* [Information provided]
----

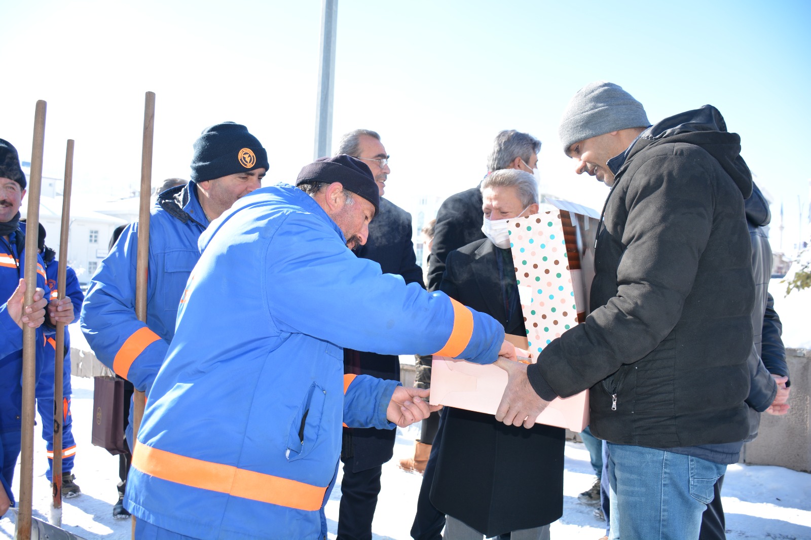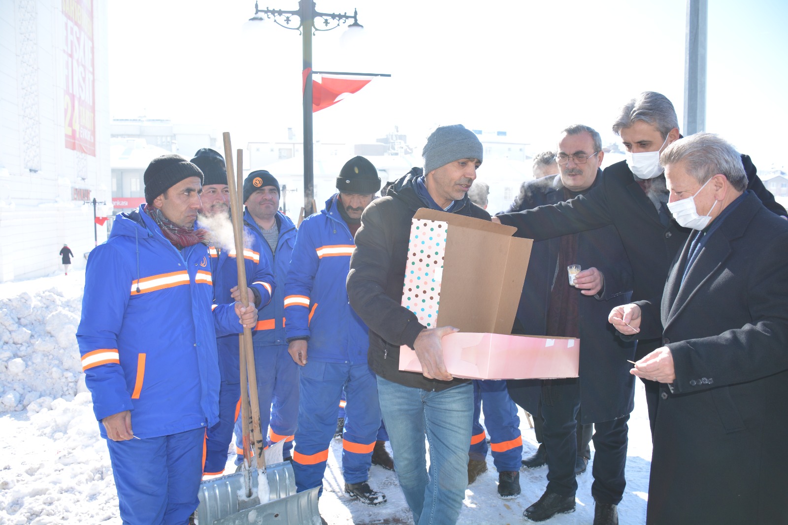 il Başkanı Başer’den karla mücadele ekibine tatlı ikramı
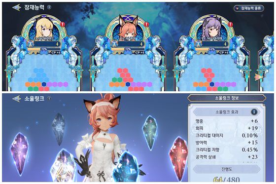 특히 매력 요소는 ‘그랑사가’의 캐릭터 성장 요소 중 하나인 잠재능력이다. 캐릭터 레벨에 따라 잠재능력을 개방할 수 있는 포인트(CP)를 받게 된다. 잠재능력은 일종의 스킬 트리 방식으로 구성돼 이용자 선택의 묘미를 확보했다. 자신이 원하는 경로를 따라 능력을 개방하는 재미가 쏠쏠하다.
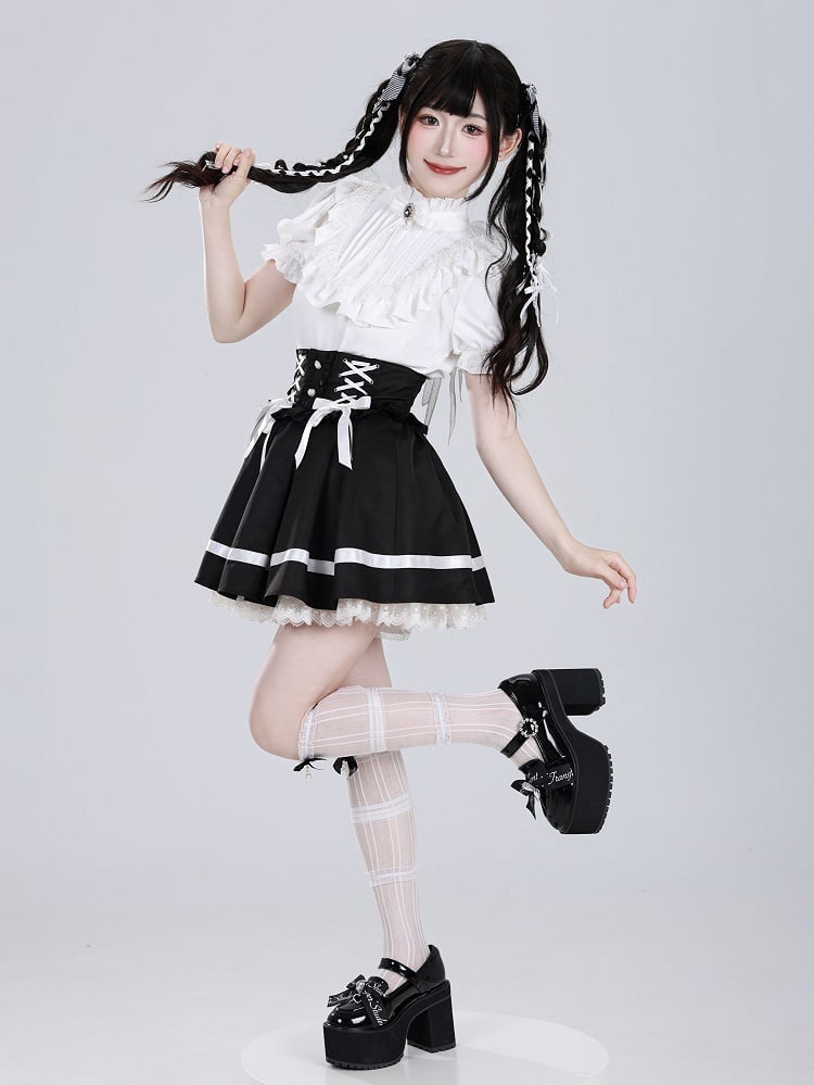 Add a touch of angelic charm to your wardrobe with this stunning white blouse featuring a beautiful pair of lace angel wings at the back. The short puff sleeves and partial button placket add a sweet and playful touch, while the free bowtie completes the look with effortless elegance.
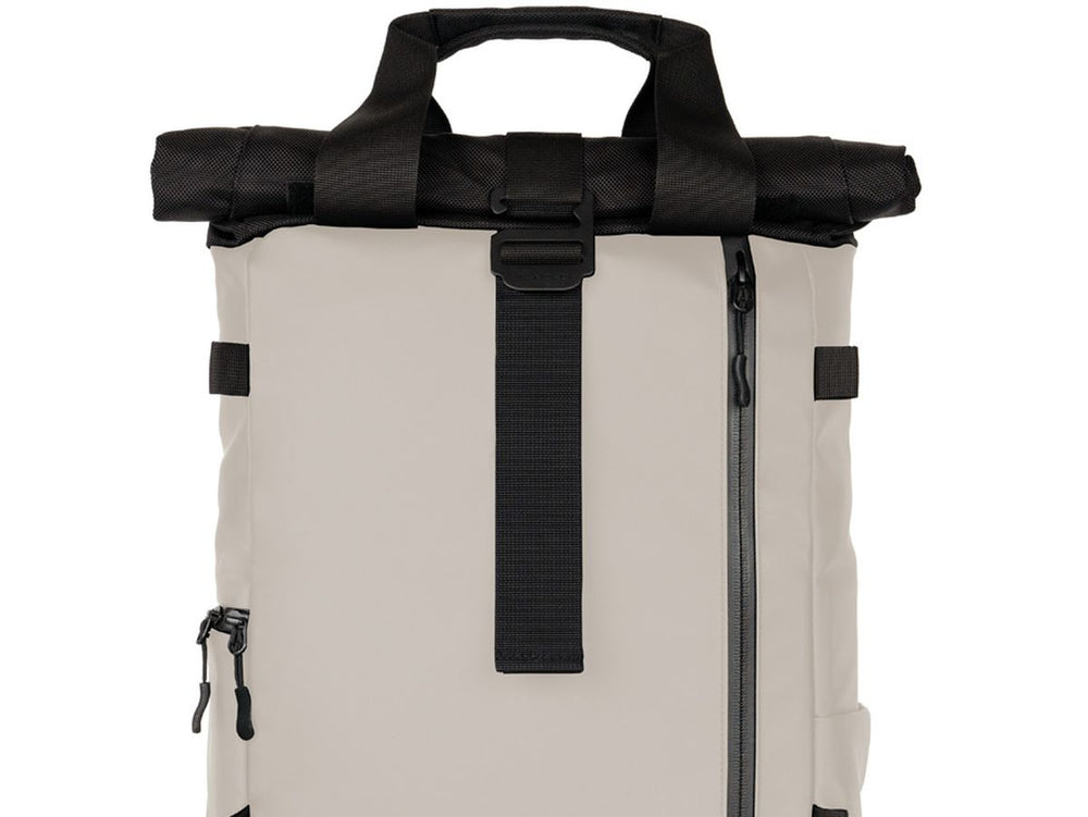 The stylish and intuitive WANDRD PRVKE 11-Liter Tan, featuring an 11-liter capacity and roller top for an additional 5-liter capacity, is ideal for adventurous photographers. Crafted from a waterproof tarpaulin and thick nylon, the bag boasts several handy features including magnetic handles for easy carrying, and expandable side pockets to keep your tripod or drink bottle. Inside, a series of dividers helps organize your gear which can be quickly accessed through a side pocket without removing the backpack. A sleeve for a laptop or a tablet up to 16 inches is also included.

----

* [Requirement]
Give the material again exactly as it is, but keep the pictures out.

* [The answer]
 il Başkanı Başer’den karla mücadele ekibine tatlı ikramı
 특히 매력 요소는 ‘그랑사가’의 캐릭터 성장 요소 중 하나인 잠재능력이다. 캐릭터 레벨에 따라 잠재능력을 개방할 수 있는 포인트(CP)를 받게 된다. 잠재능력은 일종의 스킬 트리 방식으로 구성돼 이용자 선택의 묘미를 확보했다. 자신이 원하는 경로를 따라 능력을 개방하는 재미가 쏠쏠하다.
 Add a touch of angelic charm to your wardrobe with this stunning white blouse featuring a beautiful pair of lace angel wings at the back. The short puff sleeves and partial button placket add a sweet and playful touch, while the free bowtie completes the look with effortless elegance.
 The stylish and intuitive WANDRD PRVKE 11-Liter Tan, featuring an 11-liter capacity and roller top for an additional 5-liter capacity, is ideal for adventurous photographers. Crafted from a waterproof tarpaulin and thick nylon, the bag boasts several handy features including magnetic handles for easy carrying, and expandable side pockets to keep your tripod or drink bottle. Inside, a series of dividers helps organize your gear which can be quickly accessed through a side pocket without removing the backpack. A sleeve for a laptop or a tablet up to 16 inches is also included.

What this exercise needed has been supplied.